8)    Una approfondita analisi delle differenze tra Stato di diritto formale e Stato di diritto sostanziale è contenuta nel recente libro di G. Zagrebelsky “La legge e la sua giustizia”. Vale riportare alcuni passi del suo ragionamento:
“L’espressione Stato di diritto è certamente una tra le più fortunate della scienza giuridica degli ultimi secoli. (…) Nella filogenesi di quell’espressione, scorgiamo l’oscillazione e la tensione tra forma e sostanza, pretese del potere e aspirazioni della società, con modalità e contenuti diversi, a seconda che il riferimento sia al Rechtsstaat tedesco derivante dalle monarchie ‘illuminate’ settecentesche, all’Etat de droit radicato nella sovranità della legge, espressione della volontà generale, affermata dalla rivoluzione del 1789, al Rule of law (“governo giuridico” o “secondo diritto”), di cui da secoli si parla come una delle caratteristiche e delle glorie del sistema giuridico anglosassone”[13].
L’Autore prosegue approfondendo alcuni aspetti dello “Stato di diritto”:

  1. Con riferimento allo Stato di diritto come contrario a “dispotismo orientale” Egli scrive: “Se si considera che lo Stato di diritto mira ad essere il governo delle leggi, per mezzo degli uomini assoggettati alle leggi, si comprende facilmente che non può rientrare in quella definizione il governo degli uomini, per mezzo delle leggi liberamente fatte e disfatte secondo il loro momentaneo arbitrio” [14].
  2. Con riferimento allo Stato di diritto come mero “Stato di norme” Egli scrive: “lo Stato di diritto come mero ‘ governo delle leggi’, inteso come governo sub legibus e governo per leges, finisce però per ridursi a un pugno di mosche, quando il diritto sia assunto come mera forma indipendente dal contenuto. (…) Con una simile nozione priva di contenuti, si perviene a uno svuotamento che trascura proprio ciò che, dal punto di vista specificamente politico-costituzionale, è invece essenziale, relativamente ai compiti e ai fini dello Stato e alla natura del diritto” [15].
  3. Con riferimento allo Stato di diritto e alla “dottrina pura” del diritto di Kelsen Egli scrive: “Secondo questa dottrina, che programmaticamente elimina dalla nozione di diritto ogni condizione sostanziale di contenuto, confinandolo nel campo dell’ideologia, lo Stato coincide con il diritto. (…) Questa riduzione comporta il prezzo di una nozione anodina, totalmente insignificante, di Stato di diritto. (…) Con le parole di Kelsen, ‘se si riconosce lo stato come ordinamento giuridico, ogni stato è uno stato di diritto, e questo termine diviene pleonastico’ o, al più, assume un valore esclusivamente “morale” che chiunque può riempire del significato che desidera ”[16].
  4. Viene poi affrontata la cruciale questione del passaggio dallo Stato di diritto formale allo Stato di diritto sostanziale. “Quando si lascia lo Stato di diritto come mera forma e ci si incammina sulla strada del diritto come concetto anche sostanziale, ci si imbatte in nozioni bensì diverse, ma tutte caratterizzate da una dialettica tra forma e sostanza.
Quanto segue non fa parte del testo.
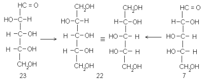 В обоих примерах для перехода от альдоз к полиолам использовано восстановление боргидридом натрия. Видно, что в обоих случаях, при всем внешнем несходстве, применена стереохимическая логика, заимствованная из работы Фишера.

Inoltre, mentre secondo la nozione solo formale il concetto di Stato di diritto – come Stato secondo diritto e diritto come sola forma legale del potere – appariva sufficientemente chiaro, quando si passa a considerarne gli aspetti materiali, la nozione stessa diventa cangiante, mobile, sottoposta a fattori non logico-concettuali, ma storico-politici e culturali”[17]. E ancora “Se lasciamo da parte la riduzione kelseniana dello Stato a diritto (…) e la conseguente perdita di significato dell’espressione Stato di diritto, tutte le nozioni che si richiamano a questo concetto presentano connotazioni di giustizia materiale. E queste connotazioni, come è soprattutto evidente nel Rule of law, sono destinate a trasformarsi, con il maturare di nuove convinzioni e aspirazioni” [18]. Questo aspetto, come vedremo meglio nel seguito, è decisivo: l’“aggiornamento” nel tempo degli elementi costitutivi della categoria “Stato di diritto” si impone per ragioni storiche, politiche e culturali;

Note

11.  A. Barak, A judge on judging: the role of a Supreme Court in a democracy, in Harvard Law Review 2002. Le citazioni tradotte in lingua italiana sono tratte dal libro del Prof. Gustavo Zagrebelsky, “La legge e la sua giustizia” (vedi nota 12)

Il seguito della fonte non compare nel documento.